13 Jul 2026

Hall Coefficient, Carrier Type, and Hall Angle of a Semiconductor

practical pg-iii semiconductor hall-effect hall-angle

Aim

To determine the Hall coefficient, identify the type of charge carriers, and calculate the Hall angle of a semiconductor.

Apparatus

Hall-effect sample, electromagnet, constant-current source, microvoltmeter, Gauss meter, and micrometer.

Experimental arrangement

Labelled Hall-effect measurement arrangement
The specimen carries current along its length, the magnetic field is perpendicular to the specimen, and Hall voltage is measured across its width.

Theory

Moving charge carriers experience the Lorentz force in a magnetic field. In a rectangular sample carrying current along the $x$-direction, the magnetic force pushes carriers towards one side. The resulting transverse electric field grows until the electric and magnetic forces balance. This field produces the Hall voltage $V_H$.

For sample thickness $t$, current $I$, and magnetic field $B$,

\[R_H=\frac{V_Ht}{IB}.\]

The sign of $R_H$ identifies the dominant carriers. If $V_x$ is the longitudinal voltage between contacts separated by $L$, and the Hall contacts are separated by width $w$, the Hall angle is

\[\tan\theta_H=\frac{E_H}{E_x}=\frac{V_H/w}{V_x/L}=\frac{LV_H}{wV_x}.\]
For one dominant carrier type, the concentration is $n=1/(e R_H )$.

Observations

Sample thickness $t=0.50$ mm, contact separation $L=10$ mm, width $w=5$ mm, and current $I=5$ mA.

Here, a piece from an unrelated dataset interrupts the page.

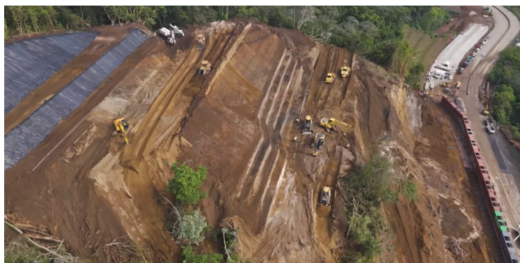
El MOP informa que para habilitar el paso vehicular en el tramo Los Chorros, han ampliado carriles adicionales.

Señaló que han llevado la maquinaria y equipo necesario para hacer perforaciones y anclajes, algunos serán desde 20 hasta 35 me-

Magnetic field (T) Hall voltage (mV) Longitudinal voltage $V_x$ (mV) Hall angle (degree)
0.20 1.8 180 1.15
0.30 2.7 180 1.72
0.40 3.6 180 2.29
0.50 4.5 180 2.86

Graph

Hall voltage versus magnetic field graph
Hall voltage increases linearly with magnetic field when the current is constant.

Calculation

For $B=0.40$ T and $V_H=3.6$ mV,

\[R_H=\frac{(3.6\times10^{-3})(0.50\times10^{-3})}{(5\times10^{-3})(0.40)}=9.00\times10^{-4}\ \mathrm{m^3C^{-1}}.\]

Also,

\[\tan\theta_H=\frac{(10)(3.6)}{(5)(180)}=0.040,\]

so $\theta_H=2.29^\circ$.

Result

\[\boxed{R_H=9.00\times10^{-4}\ \mathrm{m^3C^{-1}}},\qquad \boxed{\theta_H=2.29^\circ}.\]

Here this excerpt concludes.